To jurors, most legal cases are unfamiliar by nature. Cases are about the agreement that jurors weren’t a part of, the product they never used, the employer they never worked for. And, more broadly, the cases often rest on bodies of knowledge and forms of thought that are almost entirely foreign to jurors: the medical standards or the principles of intellectual property law that jurors can be told about, but without any analog in their own experience. How do practical persuaders bridge that gap? By connecting what is new to what is already known, and by finding one or more points of familiarity.
Giving an audience something that feels familiar is one of the central ways to build influence and credibility. By connecting your message to something already known to a jury — familiar content, language, structure, or style — you’re engineering an advantage at a cognitive level. When we retain that information and retrieve it later, those features of familiarity make it seem like something we already know. And when it feels more like our own knowledge, it is egocentrically going to seem more understandable, more credible, and more true. In this post, I am going to look at four ways to emphasize familiarity in a message that might initially seem novel or strange.
At the start of trial, jurors don’t yet have the facts and don’t understand the background knowledge. But what do they know? If you find a point of connection to that content, even if it starts with a bit of oversimplification, then you’re still setting a foundation for better and more trustworthy understanding.
Unfamiliar: Let’s start with the provisions of the contract in Section Two, A….
Familiar: I think it starts with simple principles that any of us would understand and expect if we were making a promise to a good friend of ours…

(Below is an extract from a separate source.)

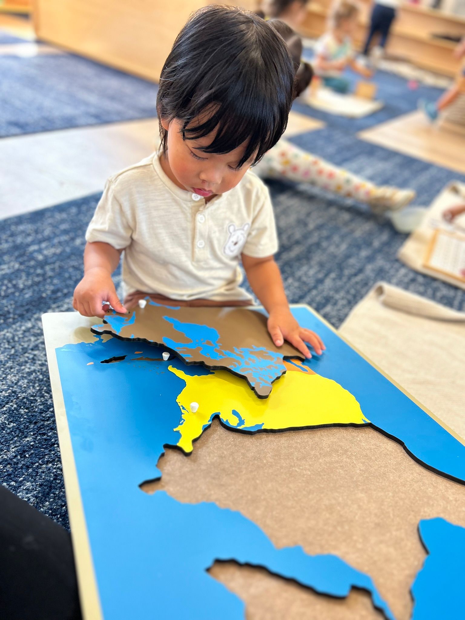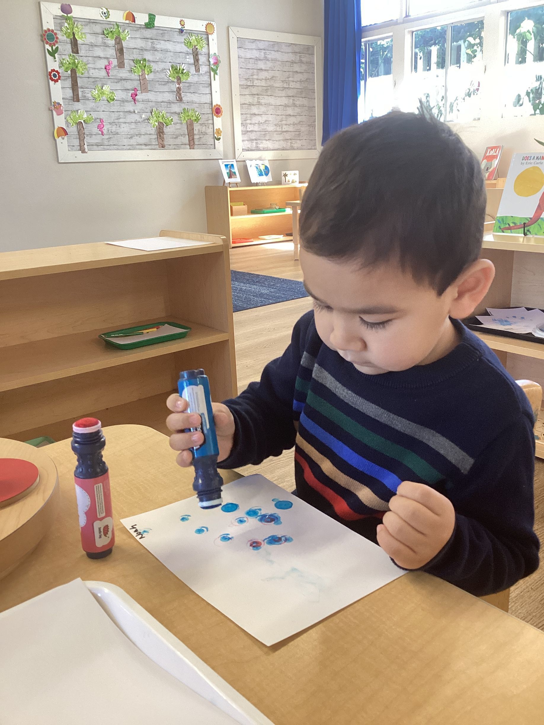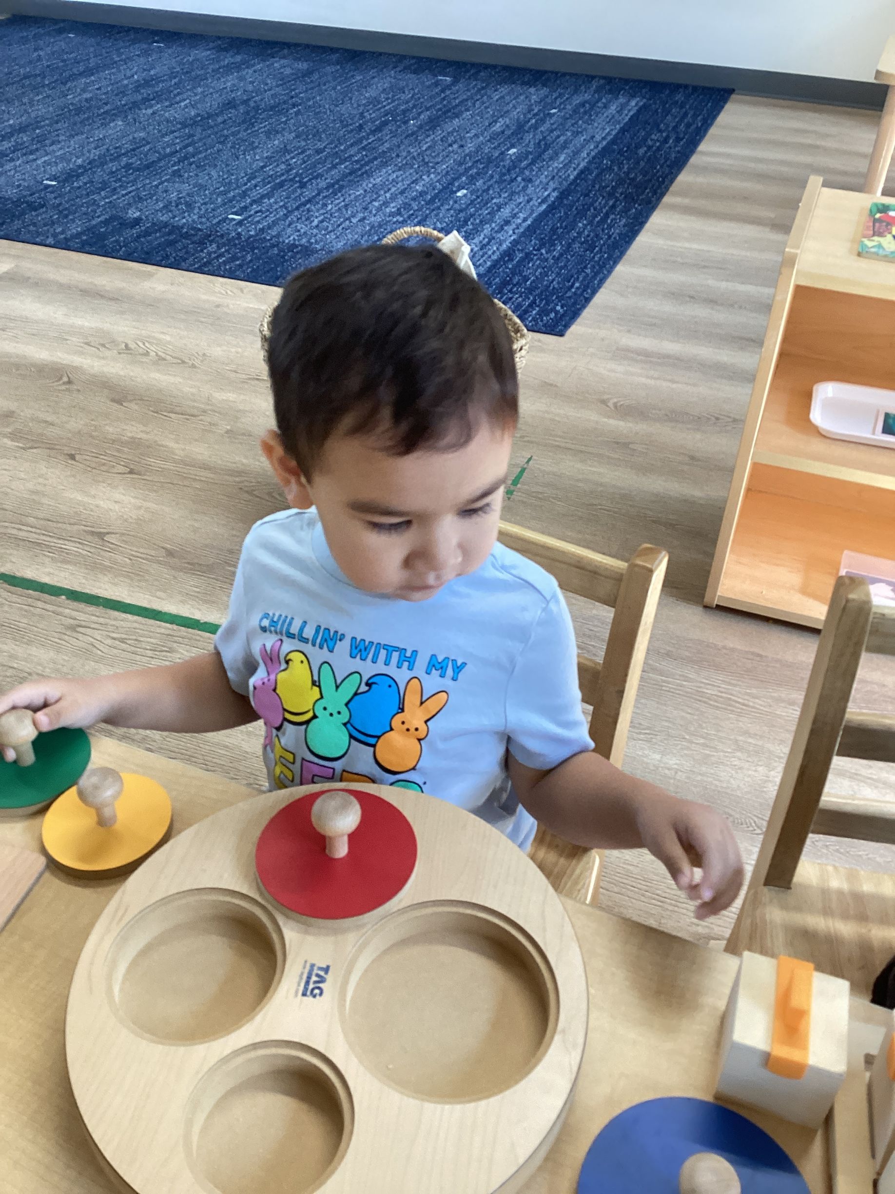 This month we learned about Cultural Awareness and Friendship. We had circle time discussions about what friendship means to us, we also talked about how important it is to treat our friends in a respectful manner. In the Practical Life area children practiced using tongs, spooning work (with several different sized spoons) to work on our fine motor skills as well as hand-eye coordination. Children also had the opportunity to demonstrate to their friends how we carry a rug in our classroom during circle time! This month our book was “Little Blue & Little Yellow” which was presented during a circle and made available for our kiddos to read in our language area.

Ultimately, jurors’ vocabulary may need to expand as they dig into the case. But initially, using words they already understand will lead to less resistance to both the instruction and the persuasion.
Unfamiliar: The prior art in this case proves that the invention isn’t novel, and the patent is invalid.
Familiar: You can’t claim an idea if you’re not the one who came up with it.
The law is, in itself, a framework of ideas and language that is somewhat inaccessible to those who haven’t been trained in it. Because of that, being analytically ‘correct’ is not always the same as being clear. The most familiar structure to most people is a story.
Unfamiliar: The law provides three categories where we need to focus our proof, so let’s talk about each…
Familiar: I want you to understand everything that happened, so let’s start at the beginning…
Combining the language, content, and structure, the overall style should be familiar as well. The root of the word “familiar” is “family.” So, your overall tone and style should reflect the way we talk when we are among those we’re closest to — unguarded and informal. Adapting habits that are conversational rather than stuffy, we tie into our most trusted modes of communication.
Unfamiliar: One could presuppose that the reasons for the party’s breach are found in factors such as a deficit of knowledge, a deficit of time, or a deficit of the resources necessary for performance. The facts, however, do not bear any of these out.
Familiar: You’ve got to ask yourself — why didn’t they follow the contract? Did they not know? Not have enough time? Not have the right tools? No, they had all of those. But they still tossed this contract in the trash.
Communication is a matter of building and maintaining bridges. The best bridge will often be the bridge that your target already knows and uses.